Heather’s Story
02/2020
I started bleeding 01/29/20. I was losing a pregnancy I very much wanted. Experiencing death this way is entirely unique. To have something grow and die inside you leaves a complicated wake of insecurity, distrust, anger, misery. I felt like my body betrayed me. A year later I moved to a new state, and it snowed, the first of the season and I thought of how in some alternate universe I’d have a 3-month-old right now who I’d be taking out to see their first snow.
Grief is a scab ripped open every time I see a baby bump, each stroller that I pass.
Art has never solved my problems. But it is always here with me. I can rely on it to soak up whatever I have to let out.
03/2020
When I had my miscarriage, I felt so alone- I could see the concern on my friends’ faces, but I felt encased, isolated. As my cycle returned it was a reminder that I was emptied out and each day my body healed, I felt farther and farther from this goal, desire, dream of motherhood. I’m the only person who felt this life, that experienced it’s forming and its deterioration; I don’t expect to get over this.
05/2020
I forget, as a woman yearning to be a mother, that there are so many seeds sown that never germinate, or they sprout- then die, or they grow- then wither.
Seeds are vessels of hope and hold potential for growth but no promises.
Two months after my loss, I opened a grapefruit that I had saved from when I was pregnant and trying to eat more fruits. Inside, it hadn’t rotted, merely shrunk some as its juices and energy went towards sprouting seeds. I had never seen a fruit sprout inside itself like this and I knew instantly the seeds were futile- their sinewy green was wasted if I thought of the desired outcome- to become a fruit bearing tree itself. But there they lay, curled into each other, growing just the same.
I knew that as close as I’d gotten to my own desired outcome, I was now far away from it.
01/2021
A year later and I still feel so far from becoming a mom. I know it’s not smart to compare and I struggle with not thinking mean thoughts that tell me they can have this and I can’t. I work with mothers every day. I admire them and I love their children.
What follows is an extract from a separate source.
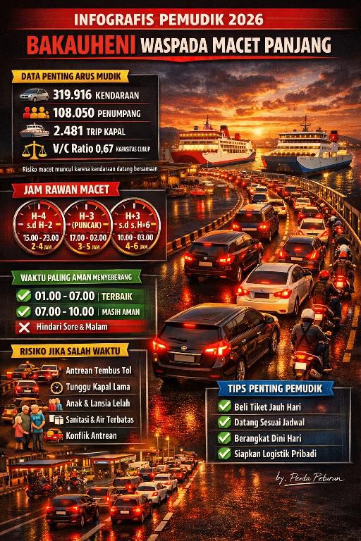 Tanpa perencanaan waktu yang baik, antrean kendaraan berpotensi memanjang hingga ruas tol. Waktu tunggu di pelabuhan dapat meningkat drastis, disertai tekanan terhadap fasilitas umum seperti toilet, air bersih, dan layanan kesehatan.

Somehow, when I wake up to take my temperature and chart my cycle and cry, I still have room to smile wide at my students. They still bring me joy. I will try to be as kind to myself as a mother and as understanding as a teacher whose student is growing and learning every day.
05/2022- 09/2022
We have been trying to conceive for 3 years now, all of which I have been a public-school teacher. I am surrounded by countless successful pregnancies turned into my most favorite people- kids.
Every day, I see mothers walk hand in hand with the person they carried, the one who made it. Every day, I see that motherhood, as much as I want it, is not some fantasy happy life where all my complex feelings about grief and letting go disappear. I try to remember that what I see does not tell the story of how each student arrived at our elementary school doors. When that fails, I remind myself that they made a baby, I make art, I grow a garden, I am an integral part of raising the next generation even if they didn't come out of me.
Motherhood stirs in me when I rock my students to sleep and feel their heavy little bodies relax into me. I embrace and cherish these moments. I am not pretending, I am not living vicariously through other women while I borrow their children, I am enjoying what generations of communities have done to raise children.I am teaching, I am mothering, and whether I get to be the mother of one child or more, or none, I am opening my nurturing spirit and allowing it to thrive.
Two years ago, I couldn't fathom not being a mother. I thought there was no point to a future where I wasn’t a mom. I searched and searched for some narrative I could attach to where I would be just as fulfilled as I believe I would be as a mother. All the while, I continue painting, writing poems, singing, tending my garden.
If there is no point, then I’ll make one.